Cosine distance ranges from 0 to 2 and measures how different our summary embeddings are: the bigger the distance, the farthest the summaries are.
The Numerical Revolution summaries stand out significantly from other summaries. Some categories have more in common than others, such as Rock with Tech, AIDS or Comics, and Nuclear with Space. Although this analysis has potential, it may require heavier pre-processing before showing anything. Further clustering approaches could bring predominant topics to light. However, we will next explore a simpler and better tool to analyse the similarity between events.
Principal Component Analysis
Our technique to identify events should produce scores that are not so much correlated with eachother.
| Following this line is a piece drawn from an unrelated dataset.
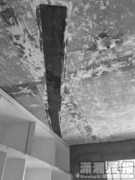 7月26日,长沙五矿紫湖香醍小区,市民范拾平在28栋顶楼买了套房子,装修工人把开发商之前的腻子灰铲掉后发现屋顶出现多处裂纹。图/记者刘李

It happens almost by construction: a WW2 movie should have a high WW2 score and a low score in all other categories. But in practice, it does not necessarily happen because of two possible reasons:
The following graph aims to observe:
The tool we used is Principle Component Analysis (PCA), usually used for dimension reduction. However, here setting movies as data points and the normalized event score we defined earlier as features, we can interpret this method in a different way.
The following plot shows all the movies, projected onto the three most significant principal components. The scores per event axis are also projected onto this space and scaled up to be seen. What is interesting about applying PCA to already non very correlated data is that we will only underlie the movies that are interesting to us: movies that can portray several events. These movies will help us to understand some links between multiple events. Movies appearing only in any of the events or in only one category will be respectfully at the origin or along a basis projected vector. But the structure built around the event scores is the thing to look out for because it will automatically and directionally group them by correlation score.
The 3D PCA projection underlies well some preferred directions towards the events themself as expected. Events that appear far away from the origin show that they contain more spread. This spread can be understood as the strength with which a movie is portraying the event.
What is clearly more interesting is the groups of event scores pointing in the same direction. Features appearing in the same direction have a correlation link. This shows how the scores assigned to each summary translate into a relation between events. In practice, this arises from the fact that, for instance, plot summaries presenting words from the WW1 dictionary also have a tendency to contain words from the WW2 dictionary.
Finally, we can group the events by their shared themes. World War I and II fall in the same direction, representing war. Nuclear, Tower, Comics, and Space are also close to each other, making sense given that Nuclear refers to explosions and violent acts, like tower terrorism; Comics often possess superheroes or villains with destructive powers; and Space movies are often unreal, like comics, and comics can also take place in space. AIDS, LGBT, and Segregation all refer to some kind of minority, while Technology and Numerical Revolution show similarities in their concepts. Rock is the only event that stands out from the rest.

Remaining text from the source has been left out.